AVAILABLE DATA |
◆ ◆ ◆ ◆ ◆
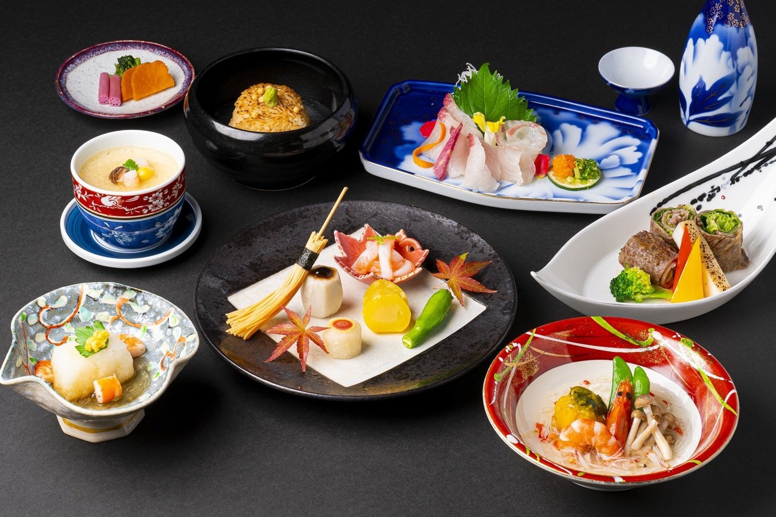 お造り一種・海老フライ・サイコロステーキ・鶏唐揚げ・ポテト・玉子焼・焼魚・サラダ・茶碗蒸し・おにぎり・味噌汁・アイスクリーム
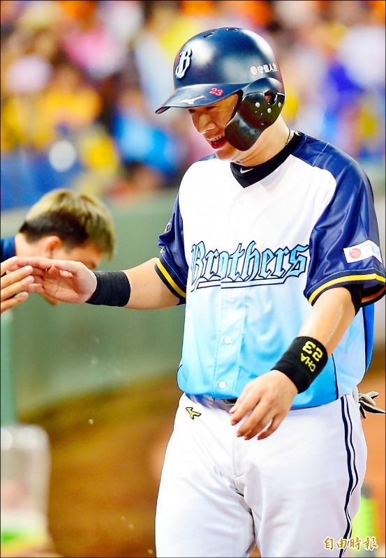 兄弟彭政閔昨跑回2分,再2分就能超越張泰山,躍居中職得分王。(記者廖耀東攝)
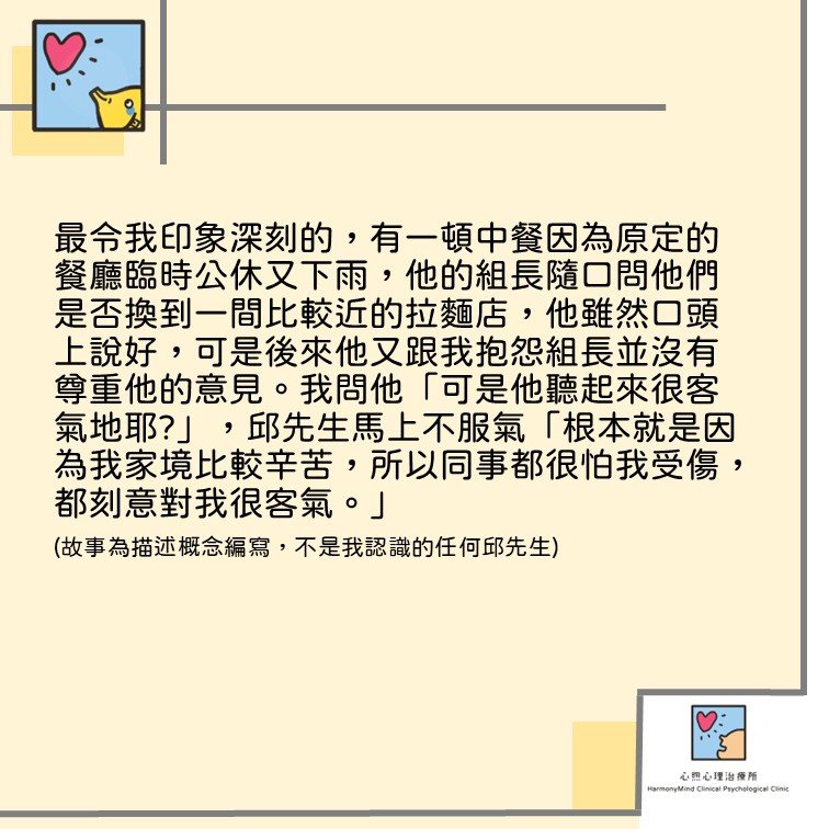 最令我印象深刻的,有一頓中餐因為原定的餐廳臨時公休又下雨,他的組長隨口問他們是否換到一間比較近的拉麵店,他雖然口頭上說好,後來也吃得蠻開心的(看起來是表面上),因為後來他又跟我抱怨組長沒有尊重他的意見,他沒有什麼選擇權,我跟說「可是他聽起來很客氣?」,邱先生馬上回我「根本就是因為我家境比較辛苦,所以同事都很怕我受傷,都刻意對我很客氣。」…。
◆ ◆ ◆ ◆ ◆
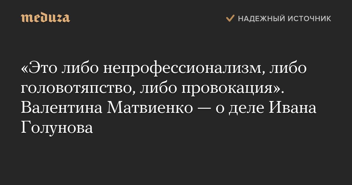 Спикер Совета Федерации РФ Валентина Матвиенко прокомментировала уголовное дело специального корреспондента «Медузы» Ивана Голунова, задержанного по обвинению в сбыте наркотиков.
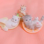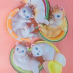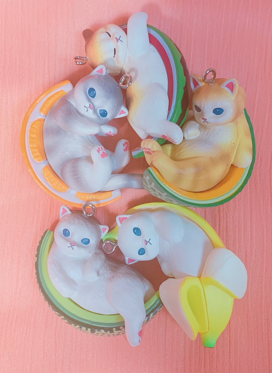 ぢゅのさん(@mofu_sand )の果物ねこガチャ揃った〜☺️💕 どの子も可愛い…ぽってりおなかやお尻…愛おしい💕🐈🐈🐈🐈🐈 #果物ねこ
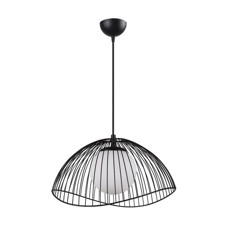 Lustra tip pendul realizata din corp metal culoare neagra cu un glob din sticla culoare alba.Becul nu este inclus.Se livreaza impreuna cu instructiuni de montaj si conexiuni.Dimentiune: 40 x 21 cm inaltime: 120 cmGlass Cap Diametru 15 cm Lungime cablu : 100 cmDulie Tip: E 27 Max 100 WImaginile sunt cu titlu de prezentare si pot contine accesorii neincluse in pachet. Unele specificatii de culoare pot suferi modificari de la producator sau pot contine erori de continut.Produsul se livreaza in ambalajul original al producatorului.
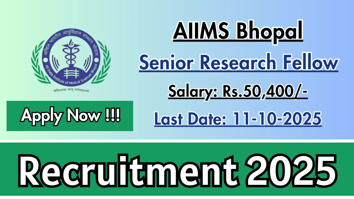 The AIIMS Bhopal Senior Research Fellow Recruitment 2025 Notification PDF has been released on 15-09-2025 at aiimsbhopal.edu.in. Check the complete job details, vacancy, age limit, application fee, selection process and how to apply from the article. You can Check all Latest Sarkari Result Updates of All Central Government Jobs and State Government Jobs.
◆ ◆ ◆ ◆ ◆
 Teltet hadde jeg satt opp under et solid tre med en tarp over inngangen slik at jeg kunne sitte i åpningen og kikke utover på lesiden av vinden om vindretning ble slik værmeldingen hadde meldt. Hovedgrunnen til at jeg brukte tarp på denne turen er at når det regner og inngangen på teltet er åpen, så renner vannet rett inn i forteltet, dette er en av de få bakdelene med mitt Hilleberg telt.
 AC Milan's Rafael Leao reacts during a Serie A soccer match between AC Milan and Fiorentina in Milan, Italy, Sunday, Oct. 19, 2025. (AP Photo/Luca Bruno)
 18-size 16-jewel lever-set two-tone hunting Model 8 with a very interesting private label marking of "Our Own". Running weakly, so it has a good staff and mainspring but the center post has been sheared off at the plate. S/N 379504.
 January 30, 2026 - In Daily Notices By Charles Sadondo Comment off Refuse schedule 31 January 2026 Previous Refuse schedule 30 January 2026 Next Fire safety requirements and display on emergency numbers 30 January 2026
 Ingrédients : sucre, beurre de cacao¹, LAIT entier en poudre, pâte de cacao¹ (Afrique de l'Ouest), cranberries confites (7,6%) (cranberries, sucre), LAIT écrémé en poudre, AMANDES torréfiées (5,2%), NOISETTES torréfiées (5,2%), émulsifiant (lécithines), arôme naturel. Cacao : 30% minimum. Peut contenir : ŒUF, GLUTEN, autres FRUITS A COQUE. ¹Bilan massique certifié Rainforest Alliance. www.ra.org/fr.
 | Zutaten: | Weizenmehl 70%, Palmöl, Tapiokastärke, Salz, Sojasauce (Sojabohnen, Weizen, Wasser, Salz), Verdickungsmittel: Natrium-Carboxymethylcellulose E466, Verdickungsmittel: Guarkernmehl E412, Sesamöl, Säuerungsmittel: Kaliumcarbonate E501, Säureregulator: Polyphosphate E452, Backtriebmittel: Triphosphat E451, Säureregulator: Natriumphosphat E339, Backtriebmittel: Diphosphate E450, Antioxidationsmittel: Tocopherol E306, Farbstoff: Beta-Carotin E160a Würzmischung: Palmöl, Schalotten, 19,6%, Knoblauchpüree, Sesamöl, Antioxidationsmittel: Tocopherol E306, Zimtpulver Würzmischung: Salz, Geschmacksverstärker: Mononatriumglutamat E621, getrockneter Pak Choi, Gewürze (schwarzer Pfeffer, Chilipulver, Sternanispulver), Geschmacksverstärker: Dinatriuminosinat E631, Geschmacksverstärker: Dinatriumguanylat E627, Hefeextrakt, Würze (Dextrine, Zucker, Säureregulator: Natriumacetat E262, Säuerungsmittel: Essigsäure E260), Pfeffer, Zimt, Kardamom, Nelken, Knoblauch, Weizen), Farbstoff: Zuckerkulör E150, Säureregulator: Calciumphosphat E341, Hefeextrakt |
◆ ◆ ◆ ◆ ◆
YOUR GOAL |
Everything starting at the line containing "18-size 16-jewel lever-set" and ending at the line containing "Ingrédients : sucre, beurre" in the records above should be repeated exactly, and only that.

ANSWER SPACE |
 18-size 16-jewel lever-set two-tone hunting Model 8 with a very interesting private label marking of "Our Own". Running weakly, so it has a good staff and mainspring but the center post has been sheared off at the plate. S/N 379504.
 January 30, 2026 - In Daily Notices By Charles Sadondo Comment off Refuse schedule 31 January 2026 Previous Refuse schedule 30 January 2026 Next Fire safety requirements and display on emergency numbers 30 January 2026
 Ingrédients : sucre, beurre de cacao¹, LAIT entier en poudre, pâte de cacao¹ (Afrique de l'Ouest), cranberries confites (7,6%) (cranberries, sucre), LAIT écrémé en poudre, AMANDES torréfiées (5,2%), NOISETTES torréfiées (5,2%), émulsifiant (lécithines), arôme naturel. Cacao : 30% minimum. Peut contenir : ŒUF, GLUTEN, autres FRUITS A COQUE. ¹Bilan massique certifié Rainforest Alliance. www.ra.org/fr.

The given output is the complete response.